Around 70% of the public supports same-sex marriage, which is a record high. However, the Movement Advancement Project, an LGBTQ+ advocacy group, says that if the Supreme Court did overturn the right, at least 29 states would be able to ban it.


Before the vote on Tuesday, the US transportation secretary, Pete Buttigieg, said on Twitter, “Strange feeling to see something as basic and personal as the strength of your marriage up for debate on the Senate floor.

“But I’m hoping they’ll do something to protect millions of families, including ours, and I’m grateful for all the work that’s been done to get this important legislation ready to go.”

Is senate gay marriage
Is senate gay marriage

Sheldon Whitehouse, a Democratic senator from Rhode Island, said after the vote that the Respect for Marriage Act would stop the activist Supreme Court from taking away people’s right to get married. We say again what most Americans already know: everyone should be able to marry the person they love.
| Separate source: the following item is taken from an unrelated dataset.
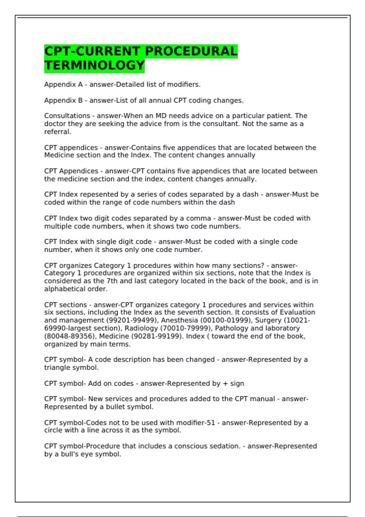 Appendix A - answer-Detailed list of modifiers. Appendix B - answer-List of all annual CPT coding changes. Consultations - answer-When an MD needs advice on a particular patient. The doctor they are seeking the advice from is the consultant. Not the same as a referral. CPT appendices - answer-Contains five appendices that are located between the Medicine section and the Index. The content changes annually CPT Appendices - answer-CPT contains five appendices that are located between the medicine section and the index, content changes annually. CPT Index repesented by a series of codes separated by a dash - answer-Must be coded within the range of code numbers within the dash CPT Index two digit codes separated by a comma - answer-Must be coded with multiple code numbers, when it shows two code numbers. CPT Index with single digit code - answer-Must be coded with a single code number, when it shows only one code number. CPT organizes Category 1 procedures within how many sections? - answer-Category 1 procedures are organized within six sections, note that the Index is considered as the 7th and last category located in the back of the book, and is in alphabetical order. CPT sections - answer-CPT organizes category 1 procedures and services within six sections, including the Index as the seventh section. It consists of Evaluation and management (), Anesthesia (0), Surgery (-largest section), Radiology (), Pathology and laboratory (), Medicine (). Index ( toward the end of the book, organized by main terms. CPT symbol- A code description has been changed - answer-Represented by a triangle symbol. CPT symbol- Add on codes - answer-Represented by + sign CPT symbol- New services and procedures added to the CPT manual - answer-Represented by a bullet symbol. CPT symbol-Codes not to be used with modifier-51 - answer-Represented by a circle with a line across it as the symbol. CPT symbol-Procedure that includes a conscious sedation. - answer-Represented by a bull's eye symbol. CPT symbol-Used around revised guidelines and notes - answer-Represented by two horizontal triangles <> CPT use is for - answer-reports services and procedures performed on patients. CPT was published in what year and by whom? - answer-AMA first published CPT in 1966 CPT-Current procedural terminology - answer-Is a listing of descriptive terms and identifying codes for reporting medical services and procedures. Published in 1966 by AMA. It provides a uniform language that describes medical, surgical, and dx svcs. to facilitate communication among providers, patients, and insurers. Critcal care service - answer-determined by the amount of time the MD spends with the patient. Define Medical neccessity - answer-To establish why a procedure was requested in order to be coded and billed. Define referral - answer-Is a permission tha the insurance company needs to authorized payment for the visit, this authorization gets faxed to the specialist for payment for the encounter with the patient. Definition of a modifier - answer-two digit number added to the end of a code to give more information about the procedure. Emergency department services - answer-used for new or established patient who receive care in the E/m dpt. . These codes will bring high reimbursement. Established office visits - answer-code used for patients seen within 3 years. 99211 code is used when patient received servie from someone other than MD (nuse, MA), usually less than 5 minutes in duration. Two of the three criteria must be met. Evaluation & Management - answer-codes for broad categories such as office, hospitals and consultation visits. First section of the CPT manual. Give code categories for Anesthesia - answer- Give code categories for Evaluation and management - answer- Give code categories for Medicine - answer- Give code categories for Radiology - answer- Give code categories for Surgery - answer- (largest section-coded by body systems) Give code category for Pathology and Laboratory - answer- Guidelines - answer-Located at the beginning of each CPT section and should be carefully reviewed before attempting to code. They give instructions on how to code certain sections. HCPS (hicks picks)/Healthcare common procedure - answer-Created by medicare 1983. Also CPT codes required by Medicare, and are found in a different book Hospital inpatient services - answer-one who has been formally admitted to an acute care facility. Hospital observation services - answer-a patient who does not need care as intensive as an inpatient but must remain in the hospital for a short period of time. Patient is NOT ADMITTED. Key components in selecting a level fo Evaluation and Management services - answer-History, Physical exam or examination, and medical decision making Name CPT Sections - answer-Evaluation & Management (), Anesthesia (), Surgery (-Lgst. sec.), Radiology (), Pathology & Laboratory (), Medicine () New patient office visits - answer-When coding a new patient all three criteria must apply to use code. Patient has not ever see the MD before or not in the past 3 years. MD must spend more time with the patient so it will increase reimbursement. Subsequent hospitl care - answer-Patient received follow up care while in the hospital. Used to code for daily hospital visits hile patient is hospitalized. Superbill - answer-Is a financial document, it represents what the MD charges for each procedure and must be backed up by the list of charges being billed. Three factors of Evaluation and Management codes - answer-Place of service-setting in which services are provided. Type of service-reason service is requested. Patient status-new patient, established patient (seen in last three years, if more than three years, patient is considered as a new patient), outpatient (ambulatory), and inpatient (somewhere in the hospital). Unlisted Procedures and Services - answer-a code assigned when there is a procedure performed for which there is no CPT code. A special report must ac

James Esseks, who runs the American Civil Liberties Union’s LGBTQ & HIV Rights Project, said that more needs to be done.

In a statement, he said, “LGBTQ+ families all over the country have been able to build their lives around their right to marriage equality for the past seven years.”

The Respect for Marriage Act will do a lot to protect this right from an increasingly radical Supreme Court, but LGBTQ+ rights are already being attacked all over the country.

“Lawmakers all over the country, including members of this Congress, have put transgender people’s safety, dignity, and access to health care in danger. We’re happy about the historic vote on this bill, but members of Congress need to fight like trans lives depend on it, because they do.

Thomas didn’t say anything about interracial marriage in his opinion about the abortion case. The black justice is married to the white conservative activist Ginni Thomas.

Mitch McConnell is the leader of the Republicans in the Senate. He is white. His wife, Elaine Chao, who used to be the secretary of transportation, is an Asian American. McConnell opposed the Respect for Marriage Act and voted against it.

On Tuesday, Biden, who as vice president famously supported same-sex marriage before his boss Barack Obama, said, “For millions of Americans, this bill will protect the rights and protections to which LGBTQ+ and interracial couples and their children are entitled.”

“It will also make sure that LGBTQ+ youth of future generations grow up knowing that they too can live full, happy lives and start their own families.”

Biden thanked senators for their “bipartisan achievement” and said that he “look[ed] forward to welcoming them at the White House after the House passes this legislation and sends it to my desk, where I will quickly and proudly sign it into law.”

On Monday, before a test vote, Chuck Schumer of New York, who is the leader of the Democrats in the Senate, praised Republicans who supported the measure.

He said, “Ten years ago, it would have been hard for all of us to imagine that both sides would talk about protecting the rights of same-sex married couples.”

Republicans argued for changes that they say won the support of religious groups like the Church of Jesus Christ of Latter-day Saints that still oppose same-sex marriage.

Thom Tillis of North Carolina told the Associated Press, “They see it as a step forward for religious freedom.”


Tammy Baldwin, a Democrat from Wisconsin and the first openly gay senator, told the AP that the way some Republicans changed their minds reminded her “of the arc of the LBGTQ+ movement in the beginning, when people weren’t out and people only knew gay people through myths and stereotypes.